╭─ Data segment
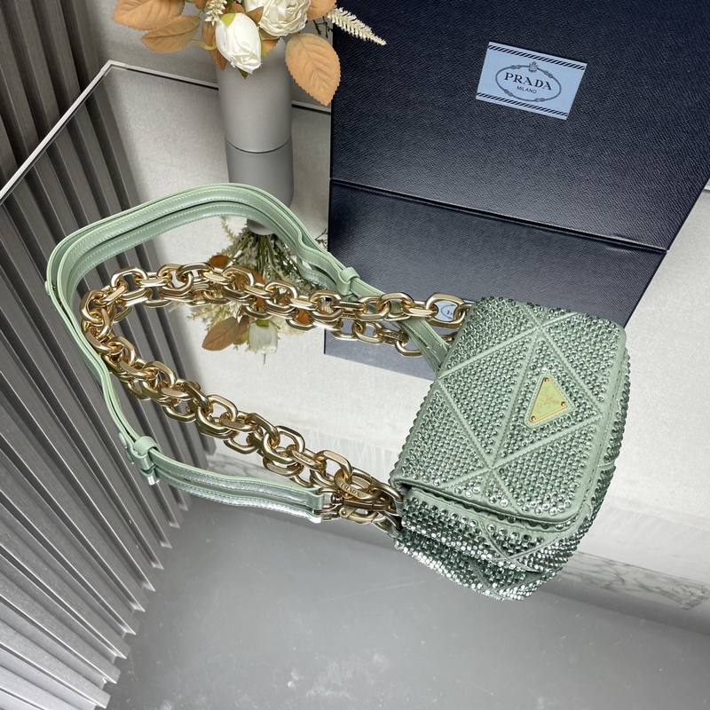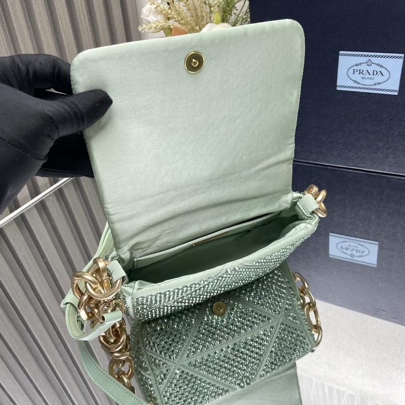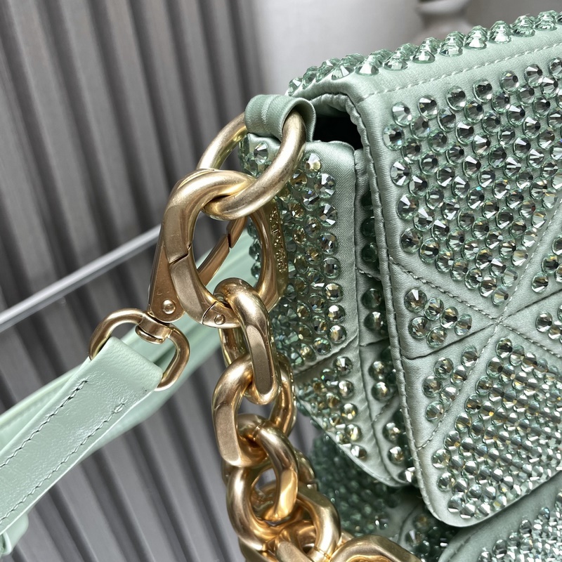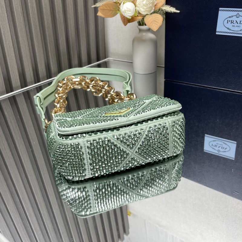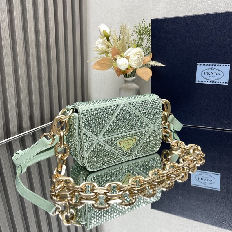 [프리미엄 오리지널] 2026 신상 크리스탈 백 1BD329 전체 크리스탈 소재와 스티치로 제작된 이 미니 핸드백은 화려한 면과 선이 조화를 이루며 삼각형 패턴을 그려내 브랜드의 장인정신을 보여줍니다. 체인 핸들 디자인은 보석 세계를 연상케 합니다. 반짝이는 요소가 가방 전체에 어우러지고 메탈 삼각형 로고가 정면을 장식합니다. 마음에 드신다면 서둘러 구매하세요. 사이즈: 길이 17cm*높이 11.5cm*너비 6cm
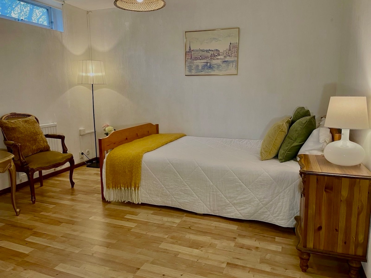Appartament fi studio ġdid u ppjanat sew b' daħla privata. L-appartament ta' 24 m² jinkludi kuritur, kamra tal-banju, gwardarobba, żona tal-ikel u kċina żgħira. Ftit barra mid-daħla se ssib terrazzin privat li jħares lejn in-Nofsinhar. Se nagħtuk sodda sħiħa żejda meta tibbukkja għal 3 klijenti. L-appartament jinsab fiċ-ċentru, 7 minuti bil-ferrovija 'l bogħod miċ-Ċentru ta' Stokkolma u' l bogħod bil-mixi sa Arenastaden u Mall tal-Iskandinavja. Aċċess faċli bil-karozza b' parkeġġ bit-triq bil-ħlas disponibbli.
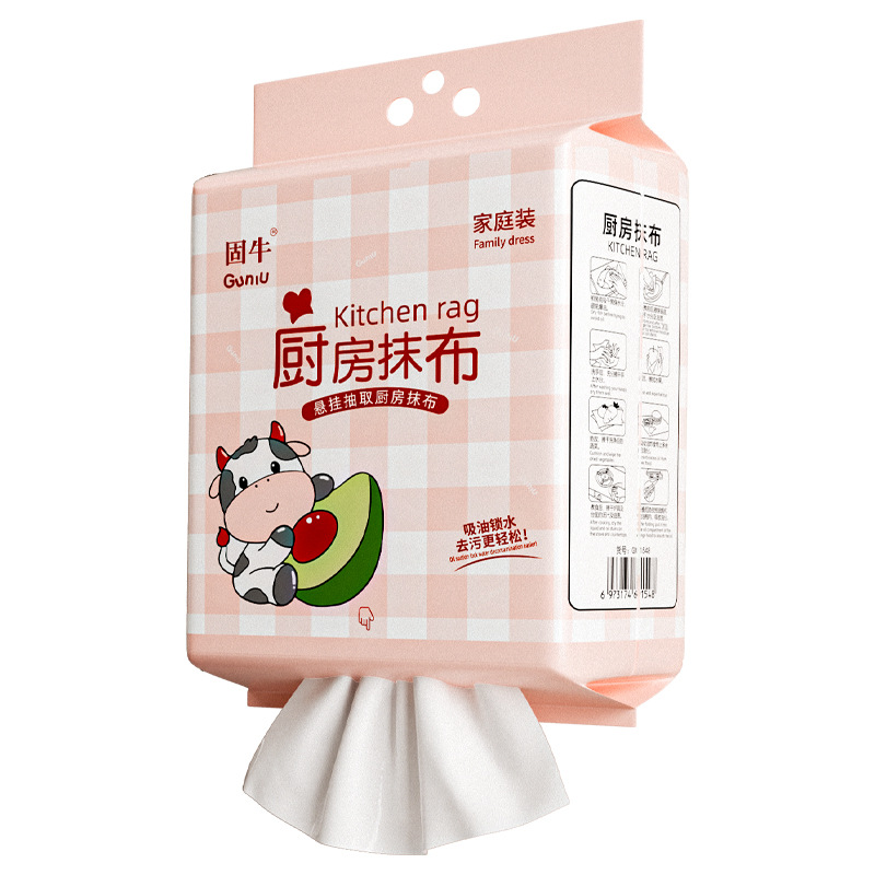 固牛厨房抹布悬挂式底部抽取懒人抹布加大加厚一次性家用百洁布
╰─
[Work request]
Skipping all images, output the listing exactly.

[Answer for the task]
 [프리미엄 오리지널] 2026 신상 크리스탈 백 1BD329 전체 크리스탈 소재와 스티치로 제작된 이 미니 핸드백은 화려한 면과 선이 조화를 이루며 삼각형 패턴을 그려내 브랜드의 장인정신을 보여줍니다. 체인 핸들 디자인은 보석 세계를 연상케 합니다. 반짝이는 요소가 가방 전체에 어우러지고 메탈 삼각형 로고가 정면을 장식합니다. 마음에 드신다면 서둘러 구매하세요. 사이즈: 길이 17cm*높이 11.5cm*너비 6cm
Appartament fi studio ġdid u ppjanat sew b' daħla privata. L-appartament ta' 24 m² jinkludi kuritur, kamra tal-banju, gwardarobba, żona tal-ikel u kċina żgħira. Ftit barra mid-daħla se ssib terrazzin privat li jħares lejn in-Nofsinhar. Se nagħtuk sodda sħiħa żejda meta tibbukkja għal 3 klijenti. L-appartament jinsab fiċ-ċentru, 7 minuti bil-ferrovija 'l bogħod miċ-Ċentru ta' Stokkolma u' l bogħod bil-mixi sa Arenastaden u Mall tal-Iskandinavja. Aċċess faċli bil-karozza b' parkeġġ bit-triq bil-ħlas disponibbli.
 固牛厨房抹布悬挂式底部抽取懒人抹布加大加厚一次性家用百洁布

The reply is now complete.